Validation 301: Creating a Validation Report Solution, Part 2

We often have users of a business intelligence solution tell us that they have found a discrepancy between the numbers in a Power BI report and a report produced by their line-of-business (LOB) system, which they believe to be the correct information.

Using the LOB reports as a data source for Power BI is usually not ideal because at best, we would only reproduce the same results in a different report. We typically connect to raw data sources and transform that detail data, along with other data sources with historical information to analyze trends, comparisons and ratios to produce more insightful reports.

However, if the LOB reports are really the north star for data validation, these can provide an effective means to certify that a BI semantic model and analytic reports are correct and reliable.
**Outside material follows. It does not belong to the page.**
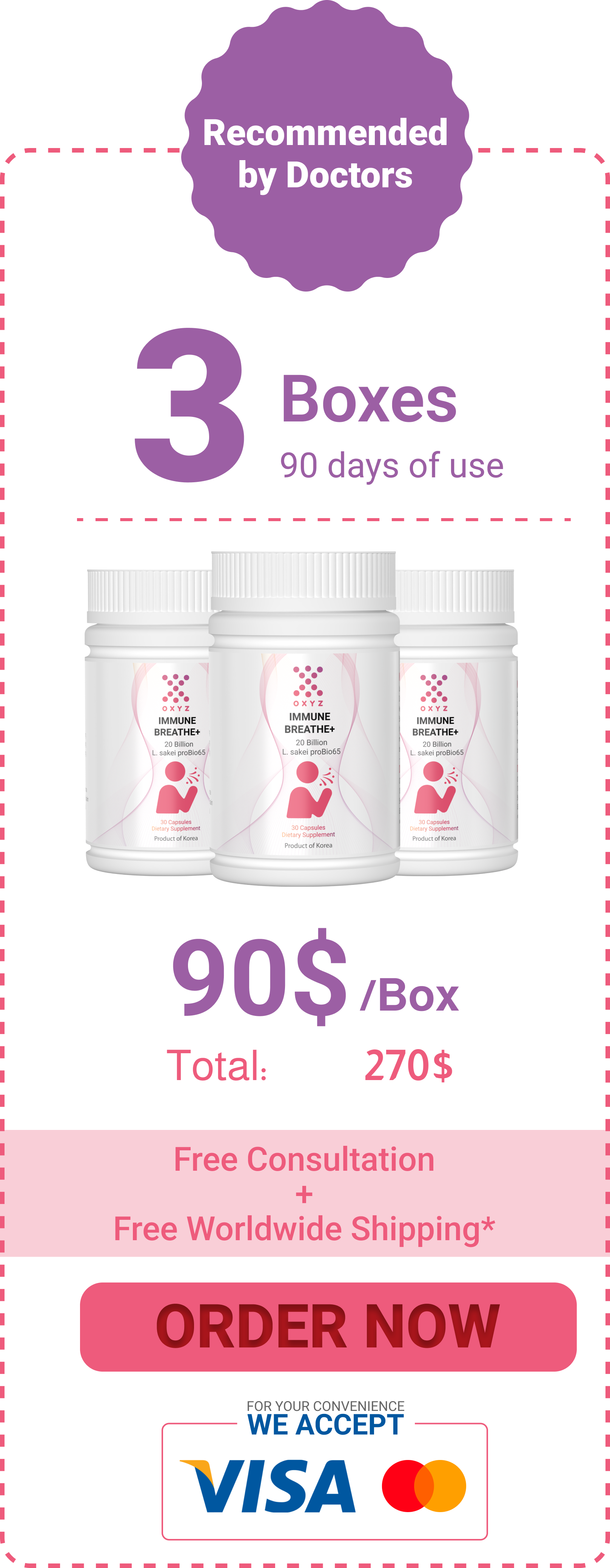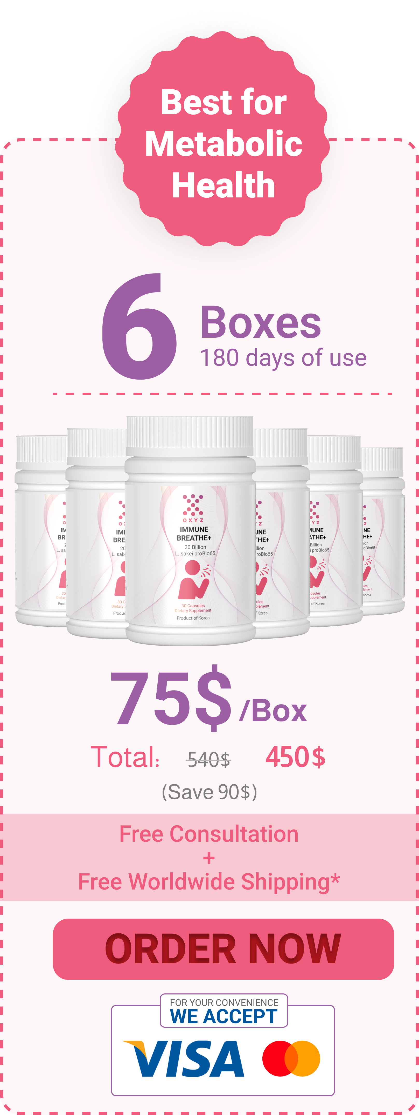 Immune Breathe+ contains a significant dose of 20 Billion CFU of Lactobacillus sakei Probio65®, and filled with all-natural Vitamin C, Prebiotics to promote healthier gut microflora, improve upper respiratory and skin health, and to promote balanced immunity.

This is a pattern that I have applied for consulting customers. My current client refers to the main Power BI report and dataset as their “dashboard” solution. The data model is large and complex with sophisticated reports used monthly by hundreds of users. The dataset is setup with a scheduled refresh. The “dashboard” solution has been thoroughly tested and we are careful to only apply updates and enhancements infrequently under a rigorous application lifecycle management process.

At the end of each month, a user exports their LOB report to an Excel file and drops it into a SharePoint library. I have one consulting client who use an automation tool to essentially open the LOB application, punch in the right keystrokes and export the report to a file at the end of every month.

The format of these exported reports have proven to be fragile and we don’t want to risk destabilizing the main Power BI “dashboard” solution. So, rather than importing the validation files directly into the main dataset, I have created a separate Power BI project with a dataset & report that has two sources. The first data source for the validation report connects to the main “dashboard” Power BI dataset using the Analysis Services connector and the XMLA endpoint. A DAX query is issued to return values to compare with the LOB report totals. The second data source for the validation report imports the validation files that were exported from the LOB report. If that import process were to fail for any reason, it doesn’t affect the main dashboard solution.

This diagram depicts the validation solution at a high level. The main Power BI “dashboard” solution get its data from the corporate EDW. That data is processed through rigorous ETL pipelines and contains data extracted from multiple systems used by the corporation.

A lightweight DAX query imports summarized results from the main dataset into the validation dataset.

The second data source for the validation solution is a set of files exported from reports produced by the LOB system. These reports only contain summary information but can be compared to totals from our Power BI solution. Values from the two sources are compared and the validation report shows whether they match or fail validation.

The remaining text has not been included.